'''
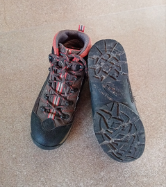 Vendo scarpe da trekking (scarponi, pedule) di colore marrone con dettagli arancione, tomaia in pelle scamosciata e tessuto idrorepellente, punta rinforzata, suola in gomma, marca Dolomite modello Flash Evo, n. 36, per bambino o adulto, indossati un paio di volte, come nuovi, in ottime condizioni.
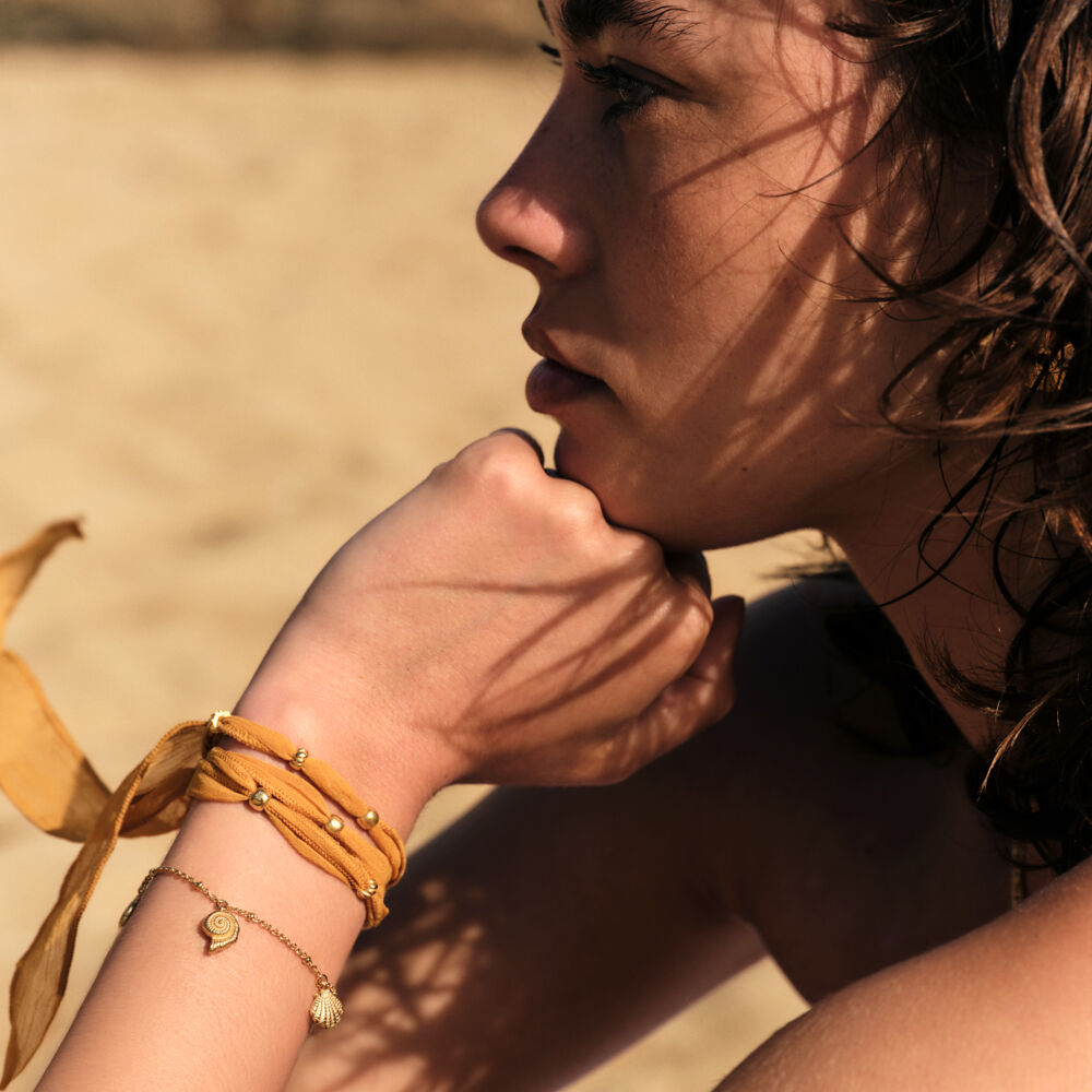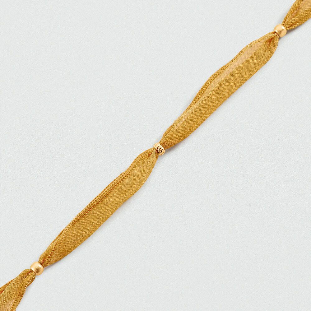 Bracelet en soie colorée avec perles dorées. Idéal à accumuler pour un look boho chic irrésistible tout l’été. Vous ne voudrez plus le quitter !.
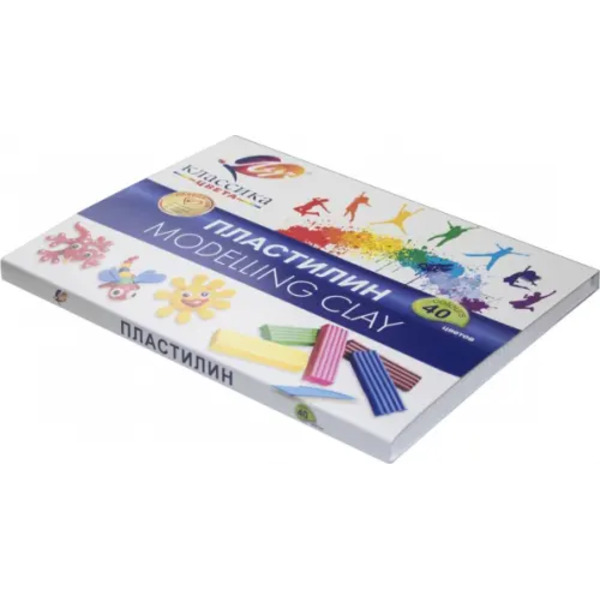В наборе 40 цветов пластилина: Белый, Желтый, Красный, Зеленый светлый, Синий, Черный, Фиолетовый, Оранжевый, Красно-коричневый, Изумрудный, Фиолетово-розовый, Розовый, Коричневый, Серый, Голубой, Бежевый, Зеленый темный, Рубиновый, Лимонный, Оранжево-желтый, Ультрамарин, Травяная зелень, Розовый темный, Фиолетовый светлый, Желтый темный, Телесный, Розовый флуоресцентный, Пудровый, Шоколадный, Салатовый, Васильковый, Какао, Морковный, Голубой флуоресцентный, Бордовый, Мятный, Сиреневый, Сиренево – розовый, светло-серый.
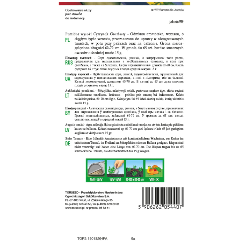 Pomidor wysoki Cytrynek Groniasty – typ cherry. Odmiana amatorska, wczesna o ciągłym typie wzrostu, przeznaczona do uprawy w nieogrzewanych tunelach, w polu przy palikach oraz na balkonie.
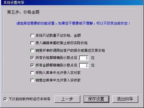5、这是系统设置的最后一步,勾选系统只记数量不记价格、金额等选项,并保存设置即可正式进入界面。
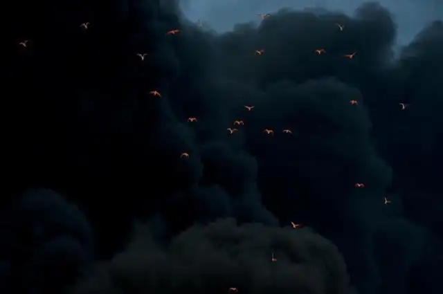 Пруд, замерзший причудливыми геометрическими фигурами.
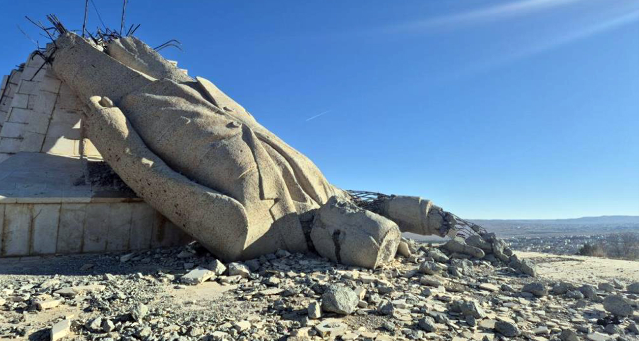 Suriye’de halkın yıktığı Hafız Esad’ın dev heykelinden geriye enkazı kaldı
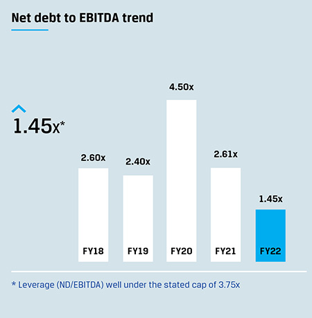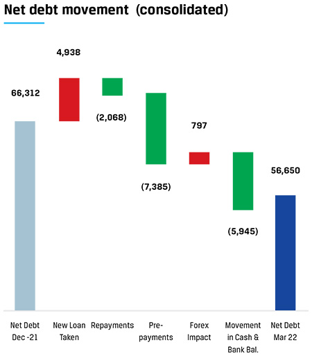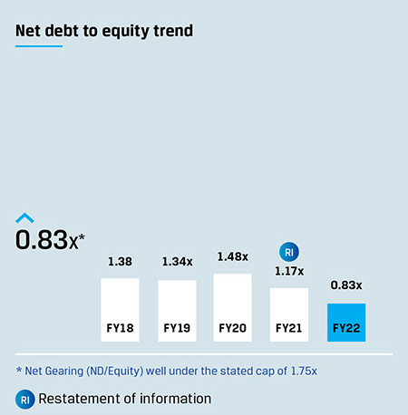 At the end of FY 2021-22, our total debt stood at `56,650 crore, with our net gearing (ND/Equity) well under the stated cap of 1.75x and leverage (ND/EBITDA) under the stated cap of 3.75x.
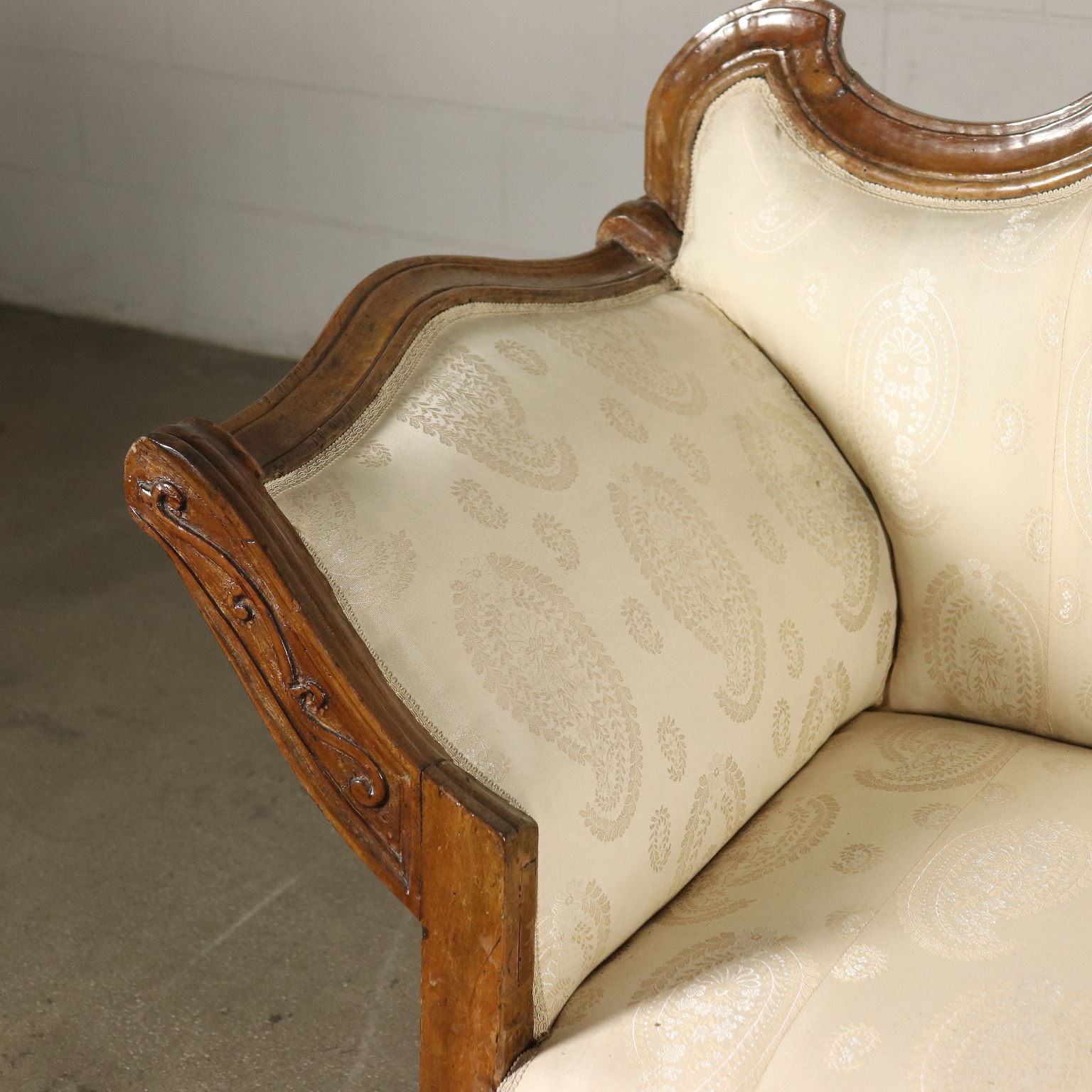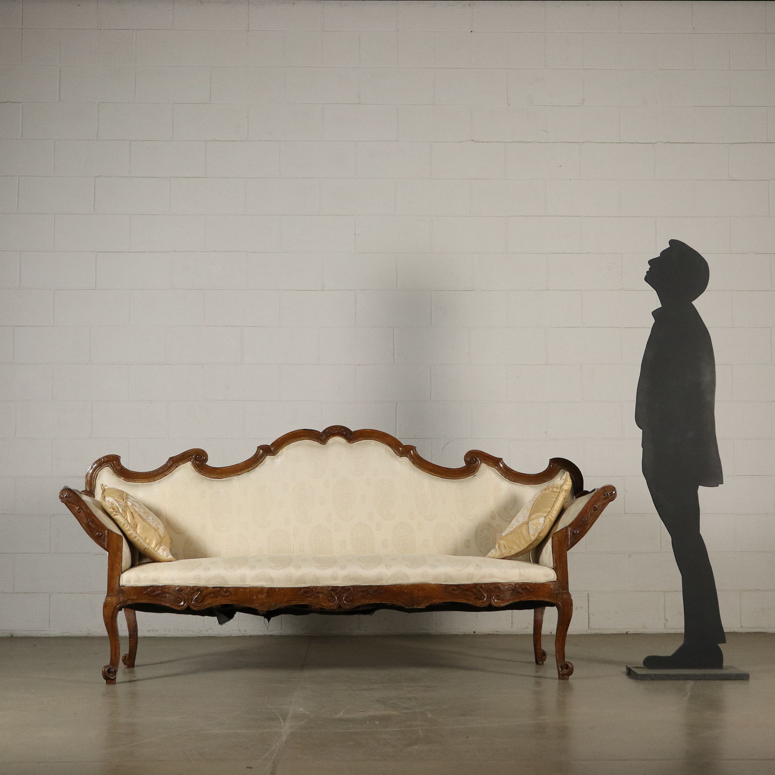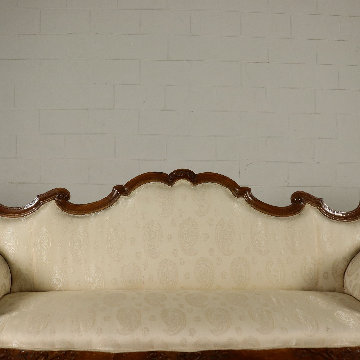 Elegante sofá de tres plazas de la parte delantera se movió. Los apoyabrazos son ligeramente proyectado y respaldo contorno. Acolchado.
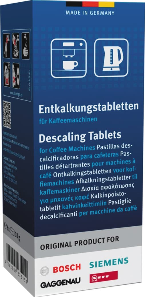 Bosch avkalkningstabletter hjelper deg med å holde din vannkoker, kaffemaskin eller varmtvannsbeholder ren og fri for kalkrester. Pakken inneholder seks avkalkningstabletter som enkelt og effektivt fjerner kalkrester. Bare følg instruksene på pakken og forleng apparatets brukstid.
'''
What the task requires: Up to and including the line with "At the end of", repeat every line from the top of the entries exactly, but not the pictures.

Reply:
 Vendo scarpe da trekking (scarponi, pedule) di colore marrone con dettagli arancione, tomaia in pelle scamosciata e tessuto idrorepellente, punta rinforzata, suola in gomma, marca Dolomite modello Flash Evo, n. 36, per bambino o adulto, indossati un paio di volte, come nuovi, in ottime condizioni.
 Bracelet en soie colorée avec perles dorées. Idéal à accumuler pour un look boho chic irrésistible tout l’été. Vous ne voudrez plus le quitter !.
В наборе 40 цветов пластилина: Белый, Желтый, Красный, Зеленый светлый, Синий, Черный, Фиолетовый, Оранжевый, Красно-коричневый, Изумрудный, Фиолетово-розовый, Розовый, Коричневый, Серый, Голубой, Бежевый, Зеленый темный, Рубиновый, Лимонный, Оранжево-желтый, Ультрамарин, Травяная зелень, Розовый темный, Фиолетовый светлый, Желтый темный, Телесный, Розовый флуоресцентный, Пудровый, Шоколадный, Салатовый, Васильковый, Какао, Морковный, Голубой флуоресцентный, Бордовый, Мятный, Сиреневый, Сиренево – розовый, светло-серый.
 Pomidor wysoki Cytrynek Groniasty – typ cherry. Odmiana amatorska, wczesna o ciągłym typie wzrostu, przeznaczona do uprawy w nieogrzewanych tunelach, w polu przy palikach oraz na balkonie.
5、这是系统设置的最后一步,勾选系统只记数量不记价格、金额等选项,并保存设置即可正式进入界面。
 Пруд, замерзший причудливыми геометрическими фигурами.
 Suriye’de halkın yıktığı Hafız Esad’ın dev heykelinden geriye enkazı kaldı
 At the end of FY 2021-22, our total debt stood at `56,650 crore, with our net gearing (ND/Equity) well under the stated cap of 1.75x and leverage (ND/EBITDA) under the stated cap of 3.75x.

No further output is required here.